We combine multiple features to gain deeper insights. The following cell examines how average Likes evolve over time by platform.

In [None]:
# Example cross-feature analysis: average Likes over time for each platform
if 'Platform' in df.columns and 'date' in df.columns:
    pivot_df = df.pivot_table(index='date', columns='Platform', values='Likes', aggfunc='mean')
    plt.figure(figsize=(12,6))
    pivot_df.plot()
    plt.title('Average Likes Over Time by Platform')
    plt.xlabel('Date')
    plt.ylabel('Average Likes')
    plt.xticks(rotation=45)
    plt.legend(title='Platform')
    plt.show()
else:
    print('Required columns for cross-feature analysis not found.')
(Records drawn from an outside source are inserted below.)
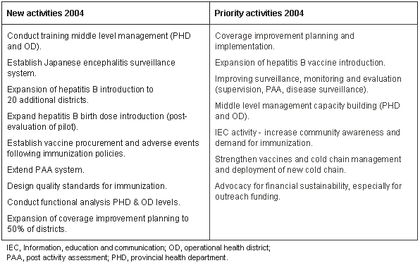 Table 2. New and priority activities of the National Immunization Program (NIP) 2004-2006
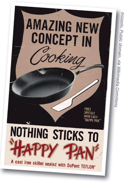 US inventor Marion A Trozzolo (1925–1992) had a company making plastic-coated laboratory ware, including what is now the ubiquitous PTFE-coated magnetic stirrer. He had heard of the growing interest in imported Tefal pans and produced his own coating method for cast iron, heavily advertising it in 1961 as the “Happy Pan”. It was at this time the urban myth began that PTFE had been invented by NASA as an offshoot of the Space Race (you might say the non-stick pan came indirectly from the French equivalent, and NASA certainly used PTFE extensively in space suits and fluid systems). Many US companies began making coated cookware of variable quality, so demand increased production and reduced the price of PTFE.
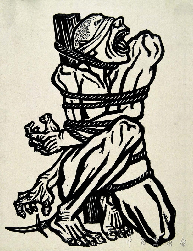 《怒吼吧,中國》作于30年代全民族反帝救亡熱潮中。這件作品采用象征手法,以一個被緊緊捆綁、雙眼被蒙蔽的痛苦而屈辱的男人軀體,預示一個民族終要起而怒吼和抗爭的忍無可忍的選擇。從這件作品中,不僅可以看到作者結實明快的畫風和苦心經(jīng)營的處理,也可以看出他在木刻民族化上的努力。作品有強烈的視覺沖擊力,是30年代新興木刻的力作之一。
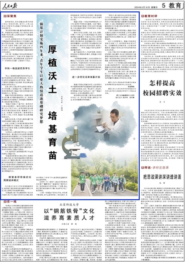 “现实中,部分高中毕业生的自我认知能力不足,面对基础学科专业选择时,往往缺乏独立思考和清晰认知。”王新凤说,“要选拔培养有志于服务国家重大战略需求的基础学科创新人才,就必须高度重视大学和中学衔接,鼓励高校与中学建立联合培养模式,为人才选拔提供蓄水池。”
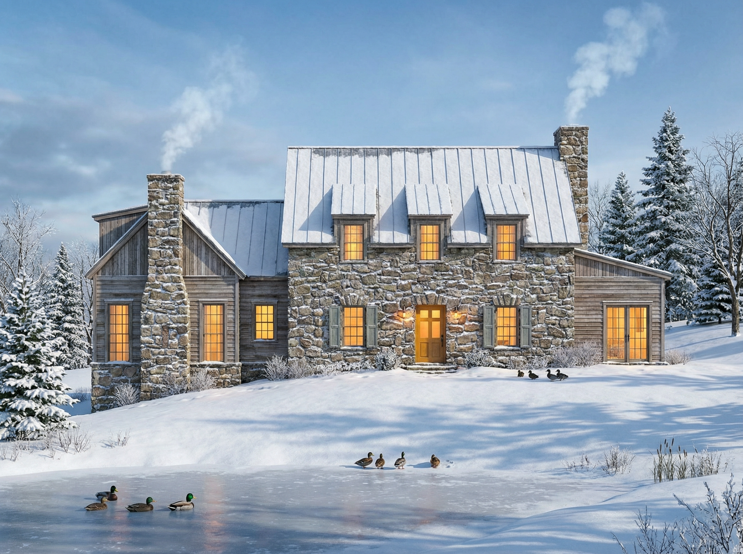 render to this similiar style but make it ducks and winter with a warm glow comiung from the windows make more phtoto realistic makeno snow on stone of house and less on roof and soften the warm glow from windows
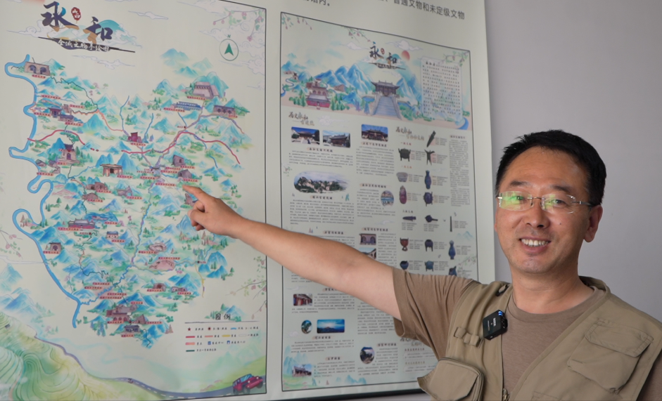 在刘永红的办公桌后,挂着一张文物地图海报,这是他专找设计师设计的,如他所说这是他的行军打仗图,也是文保宣传图。刘永红还兴奋地向我们展示了他常用的两款软件,他说坐在这里就能看到全县每一处文物,这样放心。干文物工作27年,对于学习新技能,他孜孜不倦、乐此不疲,他说“我们县文保工作数量多,难度大,这些软件能提高工作效率,并且咱们学会这些,以后不用求别人了”。
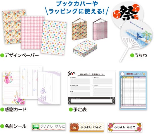 パソコンを使った印刷は、はがき作成だけではありません。色々な用途で使用することができます。デザインペーパーのデザインを印刷し、ラッピングに使用。小学生向けの素材として絵日記、時間割、お名前シール、スタンプカードなど日常で使うグッズのデザインを印刷することができます。また、贈り物や返信の際の一言のありがとうを伝える一筆箋向けのレイアウトデータも用意しました。
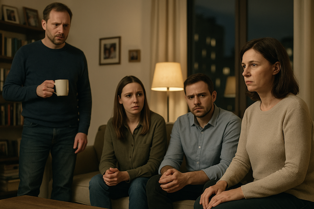 В комнате будто выключили звук. В воздухе повисла тяжёлая пауза, словно слова Марины густым слоем легли на стены и мебель. Её муж, Антон, застыл у журнального столика с кружкой чая. Костяшки пальцев, сжимающих ручку, стали бледными. На старом, немного потерявшем вид диване сидели его сестра Лада и её муж Роман, оба с лицами, на которых сплелись удивление и обида, кое-как прикрытая натянутой вежливостью.
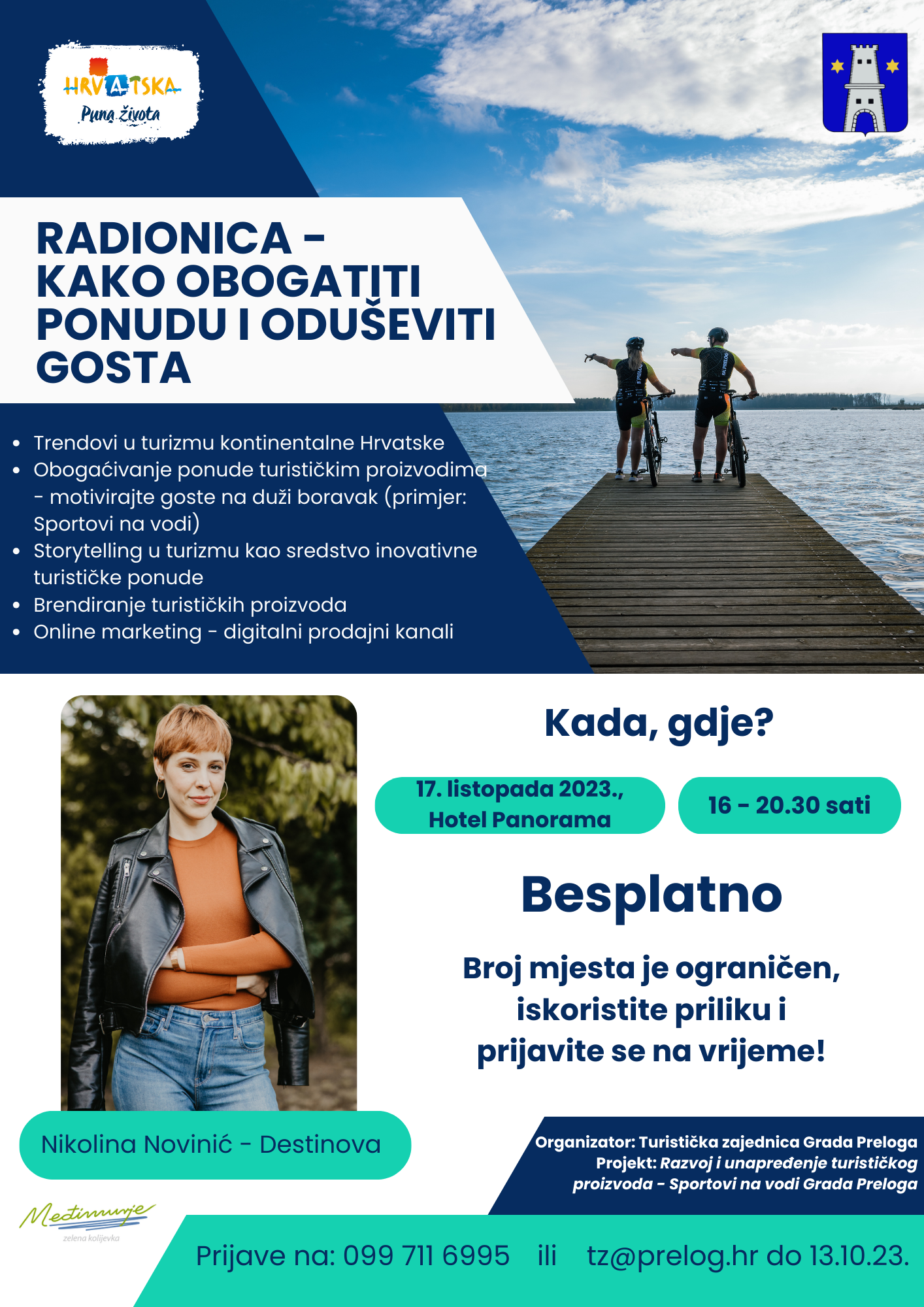 Turistička zajednica Grada Preloga poziva pružatelje smještaja, ugostitelje, djelatnike turističkih agencija i zainteresirane dionike u turizmu na zanimljivu radionicu o uvođenju turističkih proizvoda u svoju ponudu s namjerom privlačenja više gostiju i motiviranja tih gostiju na duži boravak u destinaciji
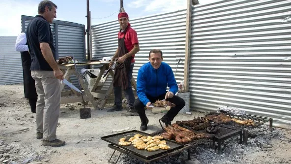 El gobernador, que estuvo acompañado por el presidente de la entidad bancaria, Marcos Koopman, conversó con los obreros y los responsables de la dirección técnica de las obras y luego compartió con ellos un almuerzo.
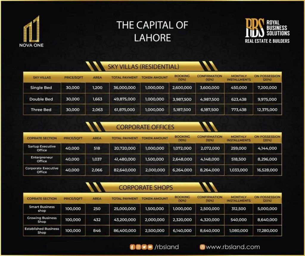 There are diversity of methods, according to the nature of your choice (Residential, Offices or Shops) so the installments on monthly basis, total payment as well as the how much you’ve to pay as a token amount given below inward the table. That is the best vision to give your family a lavish lifestyle and entire necessary facilities. Therefore, that would be the best opportunity to book residential in Nova One because it’s only starting from 2,600,000 booking (paying 10% of the total payment).
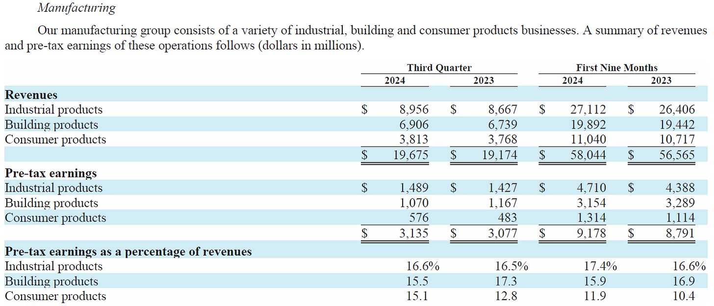 Other building products businesses (Johns Manville, MiTek, Benjamin Moore, Shaw, Acme Brick) held up fairly well with only slightly lower revenues and pre-tax earnings compared to prior periods.

## Predictive Modeling (Optional)

Below is an example of building a simple linear regression model to predict user engagement (Likes) based on features such as **Sentiment** and **Platform**.

In [None]:
# Import modeling libraries
from sklearn.model_selection import train_test_split
from sklearn.linear_model import LinearRegression
from sklearn.metrics import mean_squared_error

# Prepare features for prediction
features = []
if 'Sentiment' in df.columns:
    # Encode Sentiment to numeric
    df['Sentiment_encoded'] = df['Sentiment'].astype('category').cat.codes
    features.append('Sentiment_encoded')
if 'Platform' in df.columns:
    df['Platform_encoded'] = df['Platform'].astype('category').cat.codes
    features.append('Platform_encoded')

# Ensure we have a target and features
if 'Likes' in df.columns and features:
    X = df[features].fillna(0)
    y = df['Likes'].fillna(0)

    # Split data into training and test sets
    X_train, X_test, y_train, y_test = train_test_split(X, y, test_size=0.2, random_state=42)
    
    # Create and train the linear regression model
    model = LinearRegression()
    model.fit(X_train, y_train)

    # Make predictions and evaluate the model
    y_pred = model.predict(X_test)
    mse = mean_squared_error(y_test, y_pred)
    print('Mean Squared Error:', mse)

    # Visualize predicted vs. actual Likes
    plt.figure(figsize=(8,6))
    plt.scatter(y_test, y_pred, alpha=0.5)
    plt.title('Predicted vs Actual Likes')
    plt.xlabel('Actual Likes')
    plt.ylabel('Predicted Likes')
    plt.show()
else:
    print('Required columns for predictive modeling not found.')


## Conclusion

In this notebook, we explored the social media sentiment dataset and uncovered insights related to sentiment, temporal trends, user engagement, platform specifics, hashtag trends, and geographical variations.

### Future Work
- Enhance predictive models with additional features (e.g., hashtag counts, more granular time features).
- Perform deeper analysis into regional sentiment trends and seasonal variations.
- Explore more advanced sentiment analysis techniques and natural language processing approaches.